Given records:
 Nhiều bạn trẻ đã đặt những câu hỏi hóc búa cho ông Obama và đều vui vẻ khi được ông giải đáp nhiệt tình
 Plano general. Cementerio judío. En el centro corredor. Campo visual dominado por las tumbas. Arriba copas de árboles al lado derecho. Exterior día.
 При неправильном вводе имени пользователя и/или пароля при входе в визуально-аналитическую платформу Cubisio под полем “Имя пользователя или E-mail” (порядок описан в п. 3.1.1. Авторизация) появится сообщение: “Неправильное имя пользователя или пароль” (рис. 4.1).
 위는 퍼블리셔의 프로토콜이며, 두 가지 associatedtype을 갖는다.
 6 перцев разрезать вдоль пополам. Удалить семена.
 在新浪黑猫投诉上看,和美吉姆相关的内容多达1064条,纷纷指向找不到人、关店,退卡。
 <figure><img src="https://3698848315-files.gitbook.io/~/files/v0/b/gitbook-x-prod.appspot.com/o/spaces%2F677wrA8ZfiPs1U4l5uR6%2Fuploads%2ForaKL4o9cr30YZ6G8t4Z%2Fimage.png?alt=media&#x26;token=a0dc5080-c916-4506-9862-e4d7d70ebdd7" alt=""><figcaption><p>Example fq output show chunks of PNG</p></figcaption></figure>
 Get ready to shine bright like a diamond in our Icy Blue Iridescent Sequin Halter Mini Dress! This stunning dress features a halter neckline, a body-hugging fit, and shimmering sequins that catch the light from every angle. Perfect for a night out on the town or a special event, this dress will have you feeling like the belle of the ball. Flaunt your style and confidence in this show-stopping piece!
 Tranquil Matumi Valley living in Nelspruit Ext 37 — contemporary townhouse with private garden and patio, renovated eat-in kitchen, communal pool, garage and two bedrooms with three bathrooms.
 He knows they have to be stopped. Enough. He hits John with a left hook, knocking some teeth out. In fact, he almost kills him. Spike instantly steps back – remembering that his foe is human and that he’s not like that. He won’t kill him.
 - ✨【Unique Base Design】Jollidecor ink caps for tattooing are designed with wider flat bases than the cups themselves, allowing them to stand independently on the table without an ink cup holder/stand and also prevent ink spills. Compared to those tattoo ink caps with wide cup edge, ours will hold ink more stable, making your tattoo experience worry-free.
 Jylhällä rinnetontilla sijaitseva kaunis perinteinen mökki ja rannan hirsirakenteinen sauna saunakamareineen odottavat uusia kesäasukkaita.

...

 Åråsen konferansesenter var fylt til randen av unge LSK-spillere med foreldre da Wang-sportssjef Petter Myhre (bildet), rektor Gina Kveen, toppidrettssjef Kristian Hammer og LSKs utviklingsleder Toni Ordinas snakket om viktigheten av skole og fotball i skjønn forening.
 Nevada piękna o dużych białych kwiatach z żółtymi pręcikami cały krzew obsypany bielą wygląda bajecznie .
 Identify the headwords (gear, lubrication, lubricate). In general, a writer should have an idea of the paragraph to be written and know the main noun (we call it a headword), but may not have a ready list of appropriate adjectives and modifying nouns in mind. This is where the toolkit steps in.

Prompt: Pull every line containing the word "general" out of the listing.

Result of the task:
 Plano general. Cementerio judío. En el centro corredor. Campo visual dominado por las tumbas. Arriba copas de árboles al lado derecho. Exterior día.
 Identify the headwords (gear, lubrication, lubricate). In general, a writer should have an idea of the paragraph to be written and know the main noun (we call it a headword), but may not have a ready list of appropriate adjectives and modifying nouns in mind. This is where the toolkit steps in.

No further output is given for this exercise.